Instructions to follow: Word for word, restate the listing that follows and leave out the images.

Data excerpt:
※ ※ ※
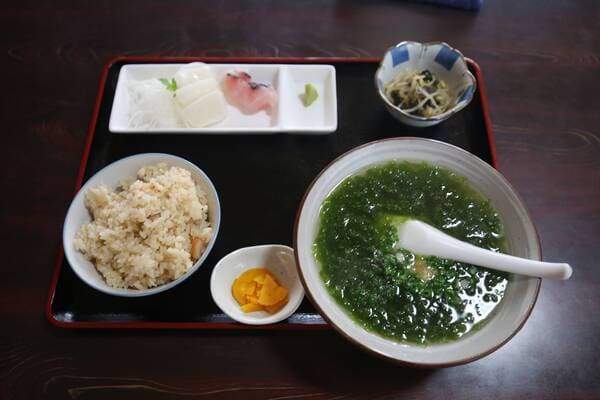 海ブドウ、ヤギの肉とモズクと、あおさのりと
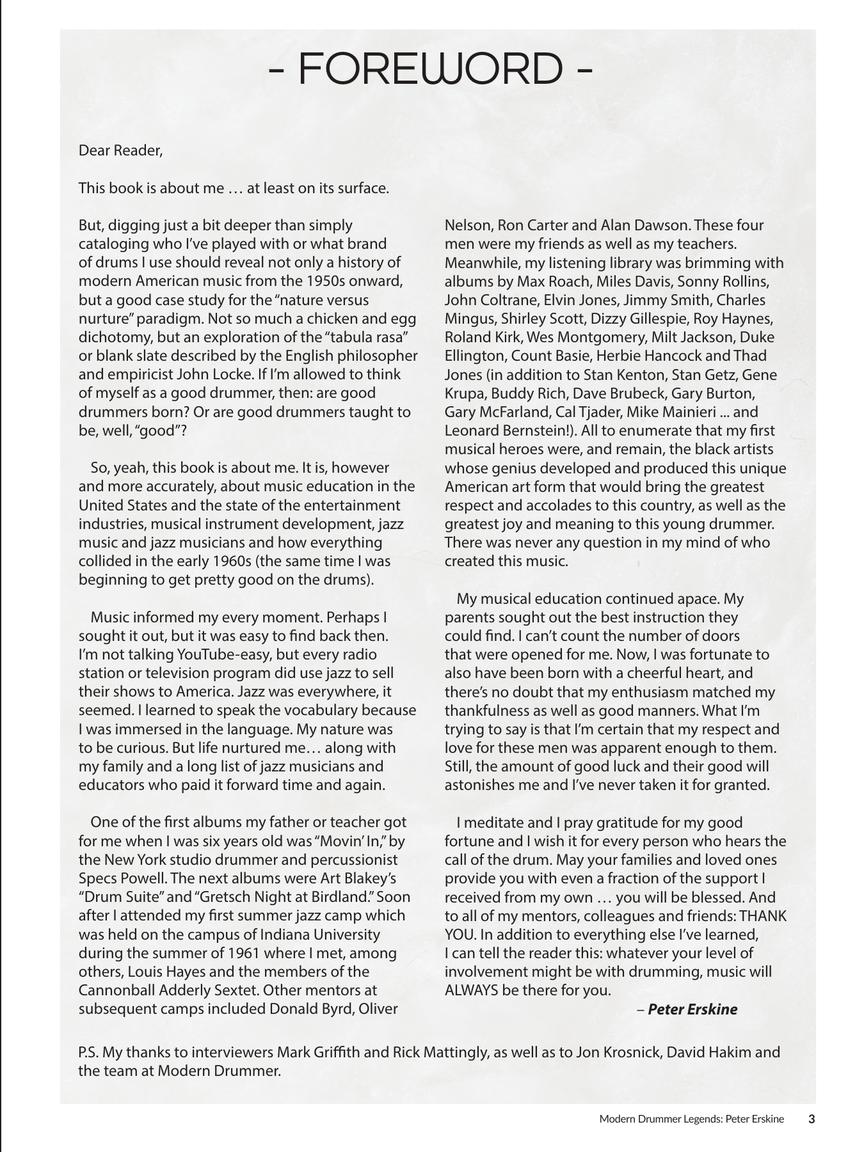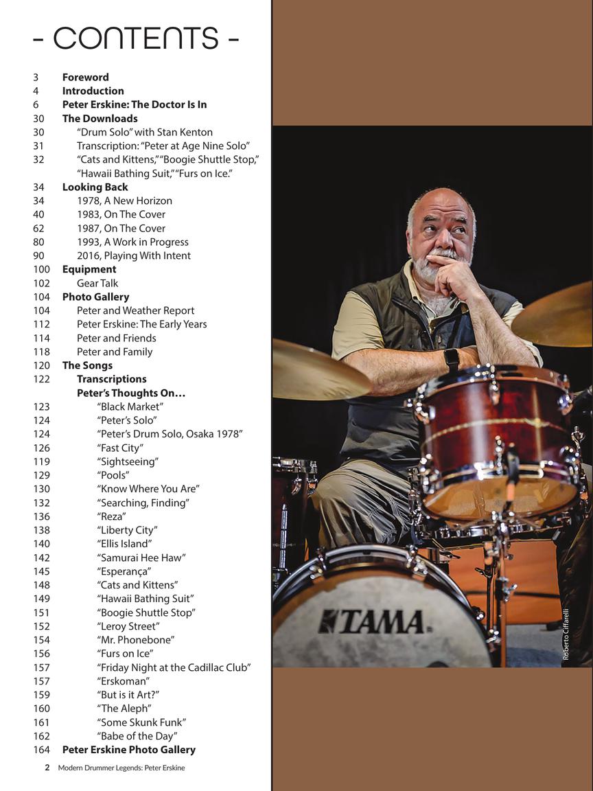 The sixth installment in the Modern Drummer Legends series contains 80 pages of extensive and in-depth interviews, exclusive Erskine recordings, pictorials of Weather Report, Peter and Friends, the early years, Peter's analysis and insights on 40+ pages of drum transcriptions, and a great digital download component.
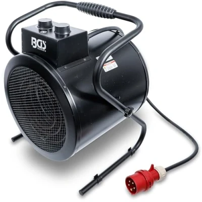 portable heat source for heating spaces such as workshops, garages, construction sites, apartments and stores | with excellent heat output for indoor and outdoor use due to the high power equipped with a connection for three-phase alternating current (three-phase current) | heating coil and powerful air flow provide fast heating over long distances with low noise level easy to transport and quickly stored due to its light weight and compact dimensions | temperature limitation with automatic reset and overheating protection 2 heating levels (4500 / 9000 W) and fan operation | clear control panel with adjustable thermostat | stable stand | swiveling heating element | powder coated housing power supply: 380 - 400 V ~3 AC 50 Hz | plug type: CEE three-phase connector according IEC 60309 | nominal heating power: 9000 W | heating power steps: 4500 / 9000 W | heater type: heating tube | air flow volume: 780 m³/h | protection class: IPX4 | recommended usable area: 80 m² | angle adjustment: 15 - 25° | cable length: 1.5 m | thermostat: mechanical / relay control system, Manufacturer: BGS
※ ※ ※
Response to the exercise:
 海ブドウ、ヤギの肉とモズクと、あおさのりと
 The sixth installment in the Modern Drummer Legends series contains 80 pages of extensive and in-depth interviews, exclusive Erskine recordings, pictorials of Weather Report, Peter and Friends, the early years, Peter's analysis and insights on 40+ pages of drum transcriptions, and a great digital download component.
 portable heat source for heating spaces such as workshops, garages, construction sites, apartments and stores | with excellent heat output for indoor and outdoor use due to the high power equipped with a connection for three-phase alternating current (three-phase current) | heating coil and powerful air flow provide fast heating over long distances with low noise level easy to transport and quickly stored due to its light weight and compact dimensions | temperature limitation with automatic reset and overheating protection 2 heating levels (4500 / 9000 W) and fan operation | clear control panel with adjustable thermostat | stable stand | swiveling heating element | powder coated housing power supply: 380 - 400 V ~3 AC 50 Hz | plug type: CEE three-phase connector according IEC 60309 | nominal heating power: 9000 W | heating power steps: 4500 / 9000 W | heater type: heating tube | air flow volume: 780 m³/h | protection class: IPX4 | recommended usable area: 80 m² | angle adjustment: 15 - 25° | cable length: 1.5 m | thermostat: mechanical / relay control system, Manufacturer: BGS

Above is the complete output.